It should be mentioned that, in the small segments (s small), it is easier to distinguish local periods with small fluctuations (q < 0) from periods with large fluctuations (q > 0). On the other hand, the large segments include periods of small and large fluctuations and thus the differences in magnitude are cancelled. Therefore, for large time scales, the behavior of Fq(s) is more similar to that of monofractal time series [46]. This can be noted in Figure 5a, where for large time scales the lines of Fq(s) are coming closer together. It can also be observed that the log-log fit of Fq(s) is not very good for small values of s and especially for q = −6. This could be attributed to the fact that the root mean square value is very sensitive to local fluctuations with small magnitudes (q < 0, the smaller the q, the higher the sensitivity), especially for small segments (which correspond to small s values). This is reflected in the existence of a long right tail at the multifractal spectrum, as it has previously been explained in methodology section.

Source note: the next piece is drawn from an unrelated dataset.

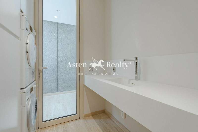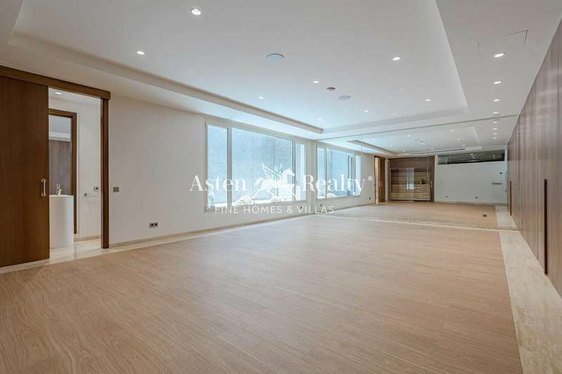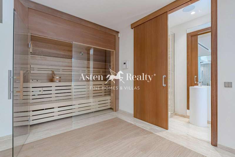 The basement floor has a large multipurpose room with a mirrored wall, designed for a gym and completed with sauna and bathroom. There is also a double bedroom with fitted wardrobes and a full bathroom, ideal for the staff, with the laundry room next to the utility patio.

Calculating the slope of Fq(s) for a multitude of q values, the values of generalized Hurst exponent h(q) are obtained. Here, h(q) is calculated for q values from −6 up to +6 in steps of 0.1 and therefore h(q) is found for 120 values of q. The multifractality of the time series can be concluded from the h(q) versus q plots. The dependency of the generalized Hurst exponent h(q) on q is evident from Figure 5b and this is a characteristic of multifractal time series, whereas in monofractal time series, the Hurst exponent is constant. Moreover, the fact that h(q) > 0.5 for all temperature time series leads to the conclusion that these time series exhibit long-range positive correlations. This means that an increase in temperature values is more likely to be followed by another increase. Furthermore, the slope of h(q) is greater for negative q (i.e., for small fluctuations) than for positive values of q (large fluctuations), which means that there is a higher degree of multifractality for the smaller fluctuations, in agreement with the aforementioned relevant conclusion from Fq(s) plots. As it was previously mentioned, the multifractal spectrum reveals significant properties about the multifractality of the time series. Therefore, we focused on its main characteristics, the value of α0, the width αmaxαmin, the asymmetry parameter B and the truncation type of the spectrum. The results are presented in Table 2.

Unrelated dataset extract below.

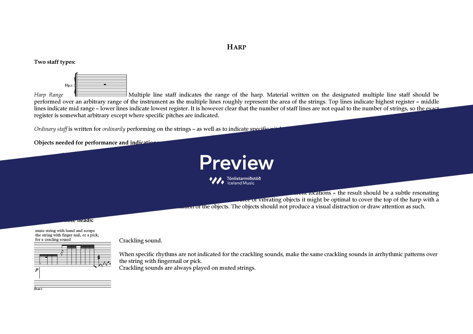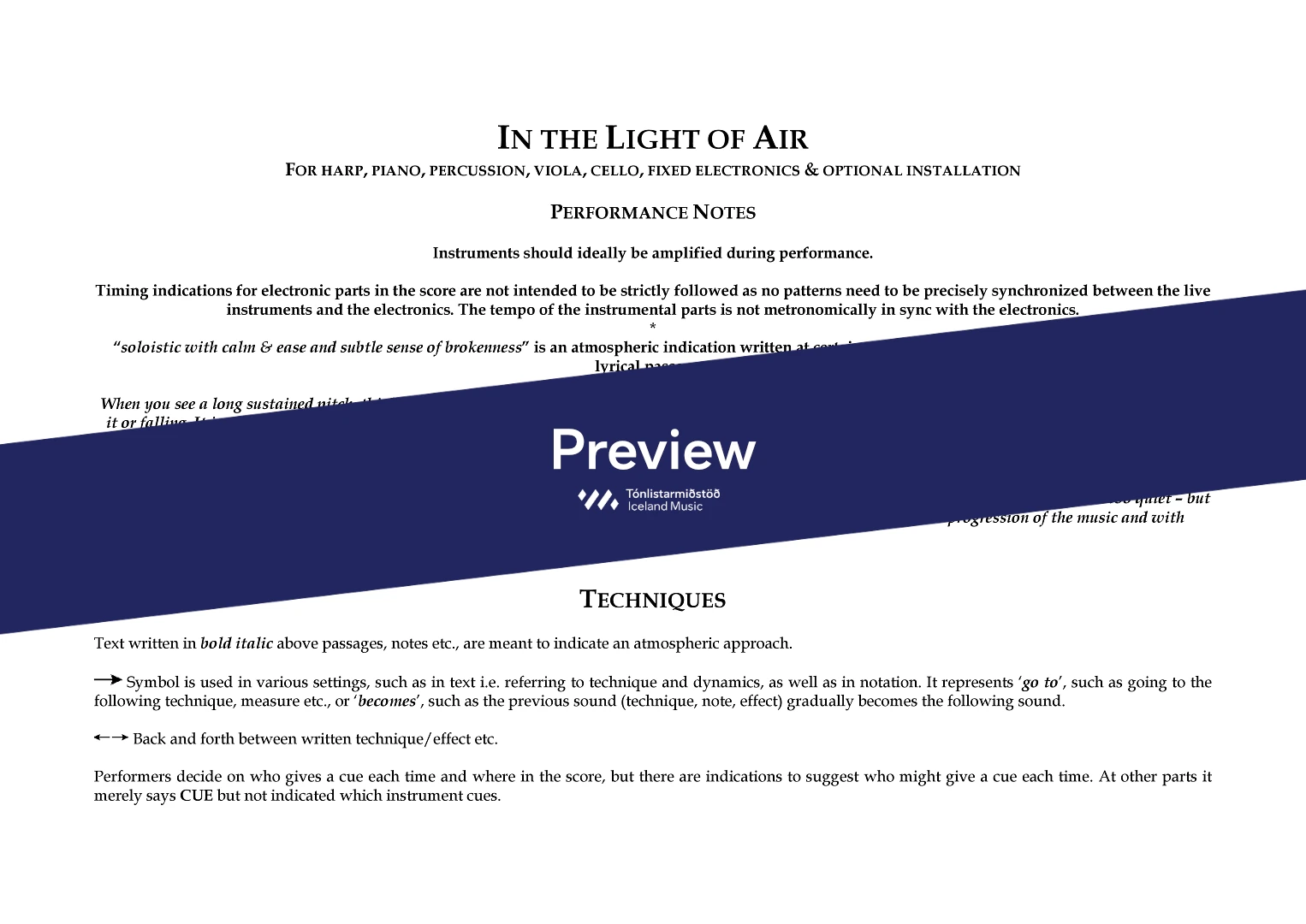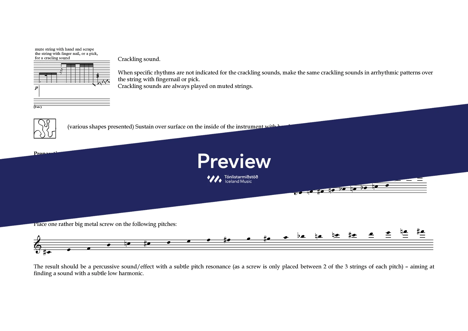 Description: harp, prepared piano, percussion, viola, cello & optional installation

Regarding the α0 results, it is observed that the values are within a narrow zone ranging from 0.662 up to 0.775 for all time series. Thus, the dominant Hurst exponent of the examined temperature time series is of the order of 0.7, which means that the temperature time series are long range positively correlated. It should also be noted that for Tmax the majority of α0 values is between 0.65 and 0.70, while for Tmean and Tmin the more α0 values are in the range 0.70–0.75. Regarding the multifractal (singularity) spectrum width values, (Table 2) it is observed that there is a significant variation, ranging from 0.342 to 0.759 for Tmax, from 0.380 to 0.727 for Tmean and from 0.286 to 0.716 for Tmin and their distributions are illustrated in the histograms of Figure 6. It is observed that for all temperature time series (Tmean, Tmax and Tmin), the majority of the spectrum width values are within 0.4 and 0.7. The asymmetry parameter B values are in the range from −0.484 up to 0.685. It is easily noticeable that the majority of the B values are positive and that negative values are observed only for Tmin. Thus, most of the spectra are right-skewed, which indicates that, in most cases, there are relatively strongly weighted high fractal exponents. Focusing on the truncation type, it is clear that the majority of the spectra are left-truncated, leading to the conclusion that, in general, the multifractal structure of temperature time series is robust to local fluctuations with large magnitudes.
Concerning the type of multifractality, MF-DFA application to the shuffled time series reveals that in all cases the multifractality is very weak and it is mainly due to different long-range correlations for small and large fluctuations. A characteristic case is presented in Figure 7, where the multifractal spectrum for Kerkira daily maximum temperature is depicted for both the original and the shuffled time series. It was found that in all temperature time series, the spectra for the original and shuffled time series are similar to those of Figure 7. In shuffled time series we observe that the width of the spectrum for the shuffled time series is much smaller than the original time series and the value of α0 is very close to 0.5 and, therefore, diminished multifractality (compared to the unshuffled series) shows that long-range correlations play the main role in the multifractality of the data [26].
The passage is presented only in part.